Light em up Marty  Simply amazing shooting


----------



## treefork (Feb 1, 2010)

Can-Opener said:


> Light em up Marty  Simply amazing shooting


Thanks Randy !


----------



## Tag (Jun 11, 2014)

Wait until I show some of the guys this one!!!!!! Good shooting


----------



## Ibojoe (Mar 13, 2016)

Awesome shooting TF!


----------



## BAT (Feb 26, 2015)

treefork said:


> Charles said:
> 
> 
> > Hey, TF .... Gotta love those night time lights!!! :thumbsup: :banana:
> ...


I would like to belive!!

Amazing shot! and great light show.

Cheers!


----------



## Quercusuber (Nov 10, 2011)

That is just FANTASTIC!!!!! What an AMAZING shot!!

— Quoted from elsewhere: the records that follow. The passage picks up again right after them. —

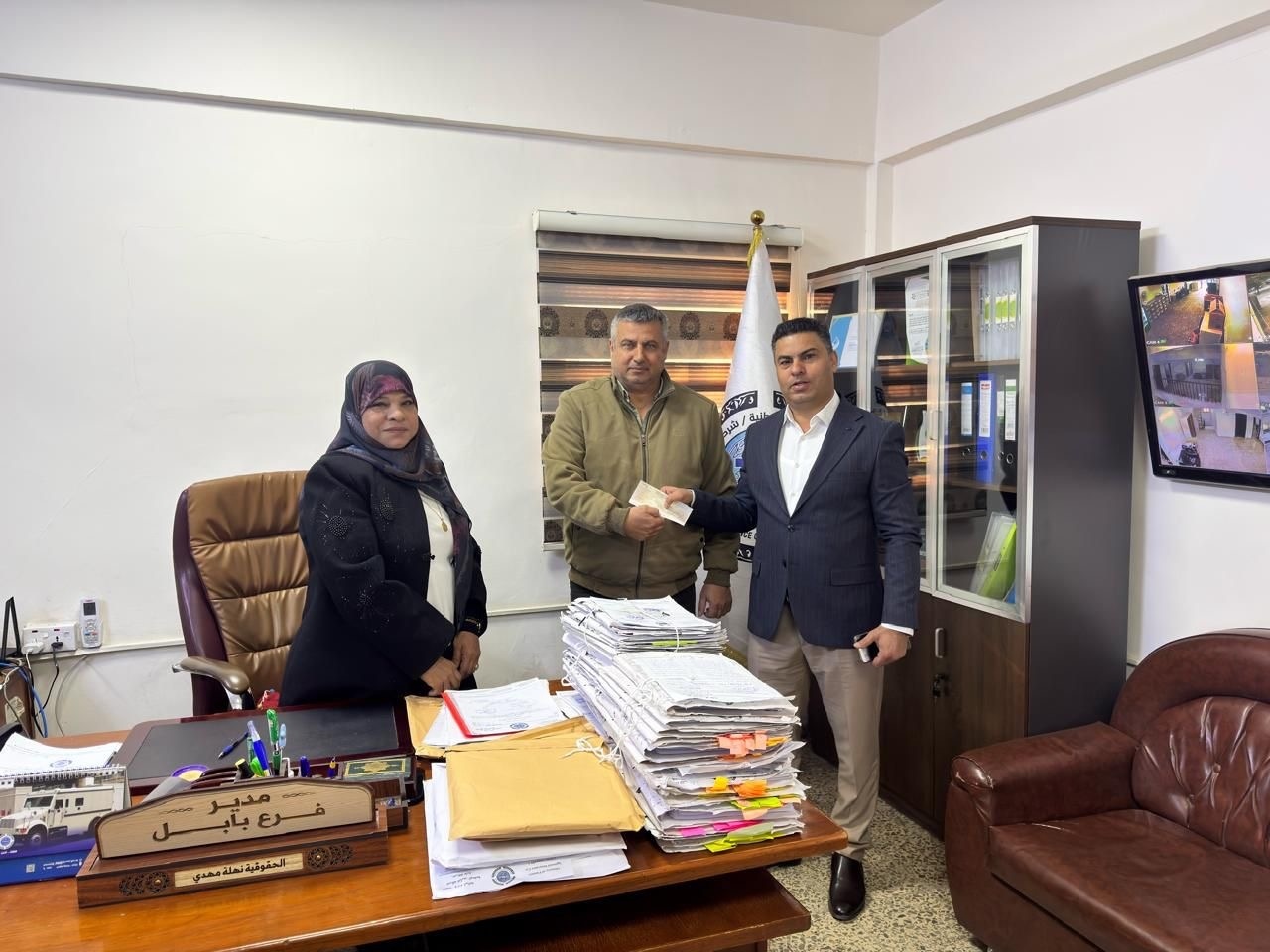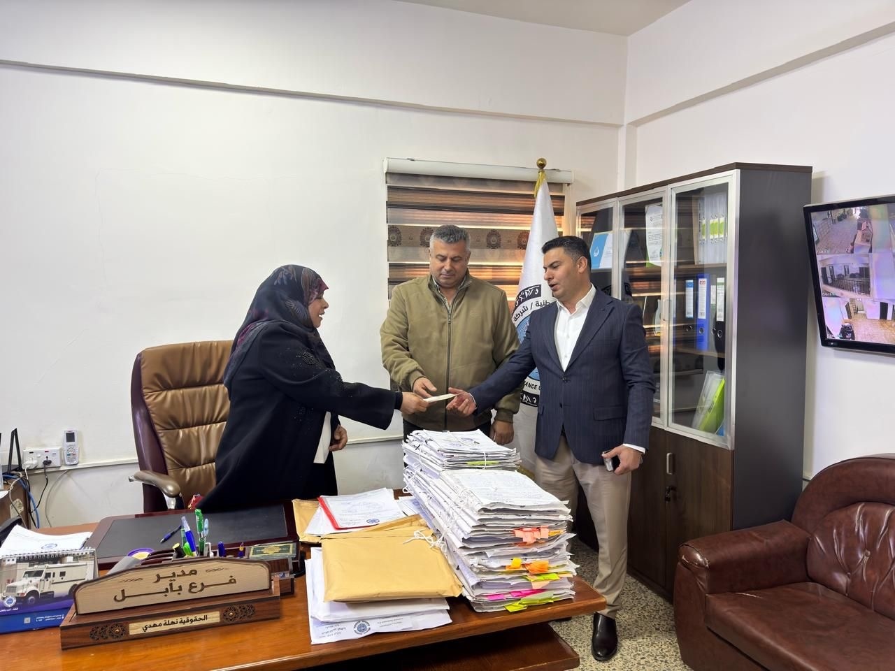 صرف صك التعويض مع الفائدة للسيد علي فاخر حسين بمناسبة انتهاء مدة وثيقة التأمين المختلط، وذلك بحضور السيدة مديرة الفرع.
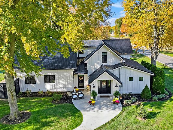 ''Pinecone Place'' is so much more than a home. It's a refuge....a place to unwind and be inspired. This renovated + 120 year old farm house on one acre has been lovingly and intentionally designed and decorated for maximum enjoyment. The interior boasts over 3000 square feet of tasteful perfection with 4 spacious bedrooms, including a stunning entry level primary suite with Mosaic marble hex flooring in the ensuite bathroom, a Walnut double vanity with quartz top, and a 4'x6' custom shower that you'll have to see to appreciate. The luxury designer touches and elegant finishes continue throughout the home, and will satisfy even the most discriminating buyers. Here are just a few more interior features to whet your appetite for this one-of-a-kind home - an inviting Hearth room off the kitchen with Jotul Wood Stove, Hanby Honed marble countertops along with Amish-built White Oak 10' island and painted white cabinets in the designer kitchen, a Monogram 36'' gas stove, Pella windows and doors throughout, 7'' wide-plank White Oak wood flooring on the main floor, and custom lighting in every room on both levels. The exterior feels like a luxury resort. The current owners have left nothing undone, including professional landscaping, multiple exterior spaces to relax by yourself or with friends and family, trees planted strategically for maximum privacy, and a 40x27 pole barn with 3 car garage and a dedicated shop and hobby area.
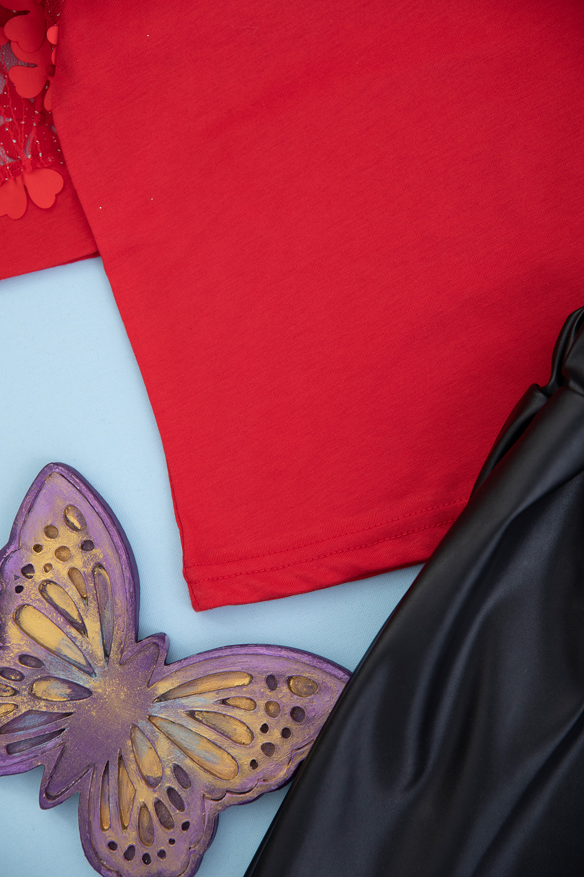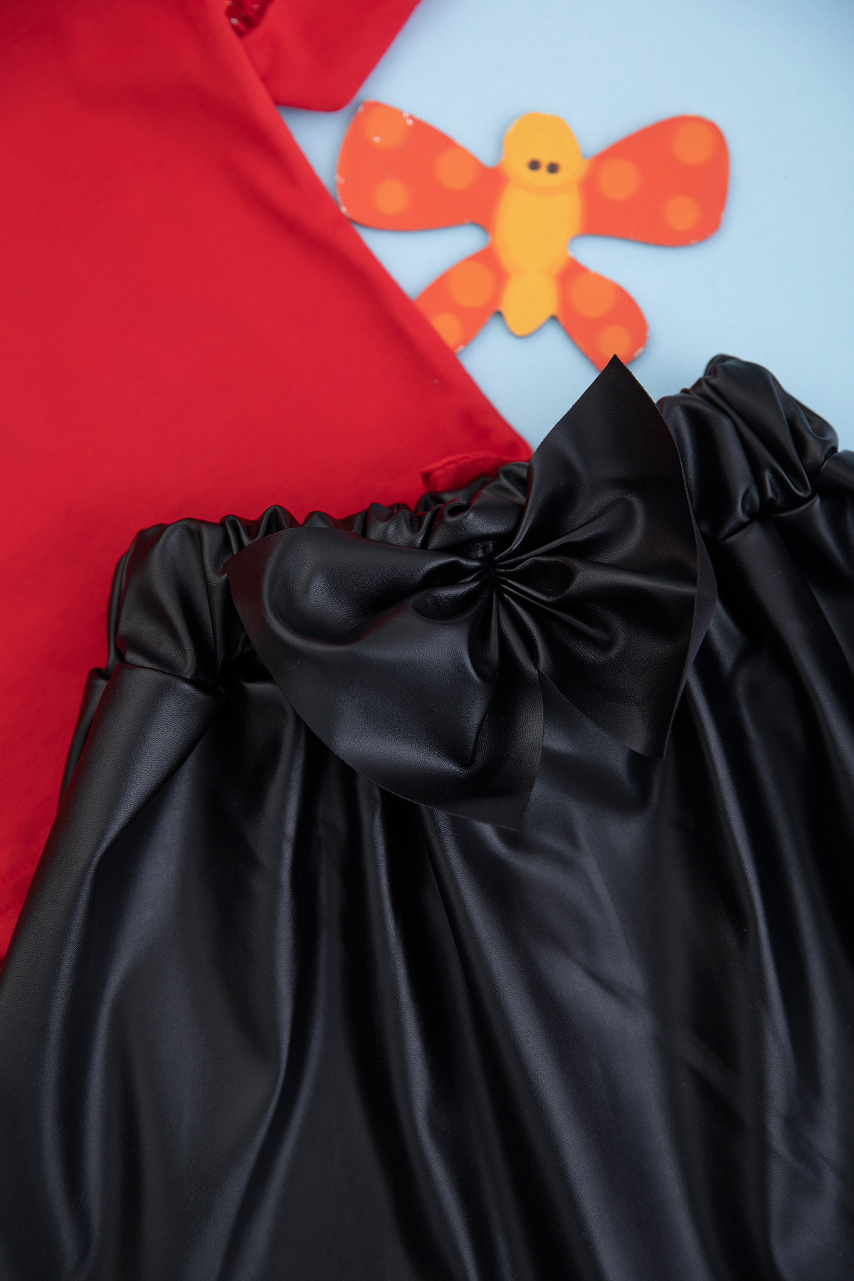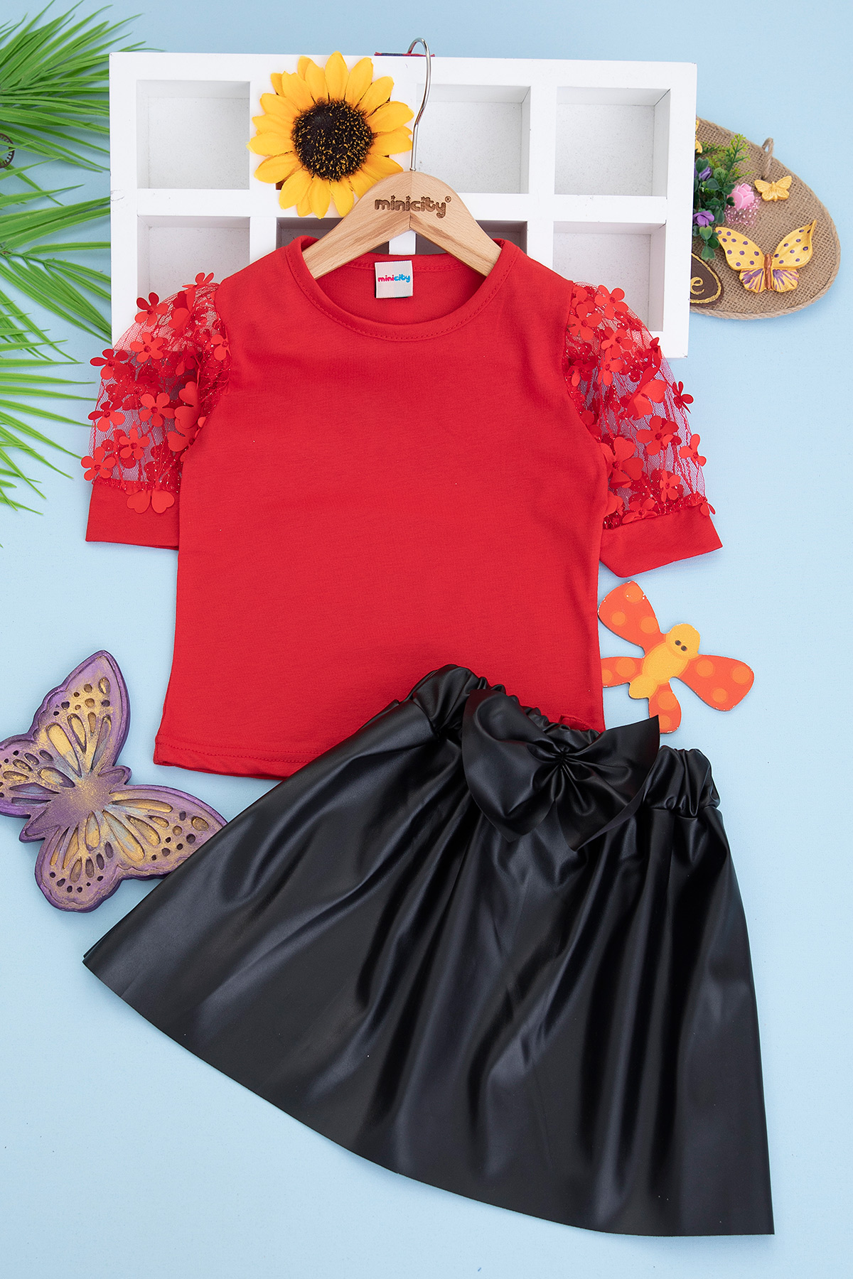 Kız Çocuk Yarım Kol Dantelli Badi Deri Etekli Takım (3-10 Yaş)

Now there's a thing to try: light up some fireworks with a slingshot!! Very cool!!

Sir, in the conditions you've made that shot, I would say you have some cat's eyes!!!! 

Awesome!!!!

Best regards ...Q


----------



## treefork (Feb 1, 2010)

Can-Opener said:


> Light em up Marty  Simply amazing shooting


Thanks for watching and the support Randy !


----------



## treefork (Feb 1, 2010)

BAT said:


> treefork said:
> 
> 
> > Charles said:
> ...


Thank you Bat !


----------



## treefork (Feb 1, 2010)

Quercusuber said:


> That is just FANTASTIC!!!!! What an AMAZING shot!!
> 
> Now there's a thing to try: light up some fireworks with a slingshot!! Very cool!!
> 
> ...


Thank you Master Q !


----------



## Flatband (Dec 18, 2009)

TOTAL SICKNESS!!!!!! I love it!


----------



## treefork (Feb 1, 2010)

Flatband said:


> TOTAL SICKNESS!!!!!! I love it!


Thanks Gary . I really enjoyed this series of firework shots . Lighting fireworks with a slingshot is a blast !


----------



## Dr J (Apr 22, 2013)

treefork said:


> This shot consists of lighting a strike anywhere match which ignites a strobe light fire work .This was done in low light conditions after sundown . Done in one shot .


excellent shot TF

Sent from my iPhone using Tapatalk


----------



## treefork (Feb 1, 2010)

Thanks Doc .


----------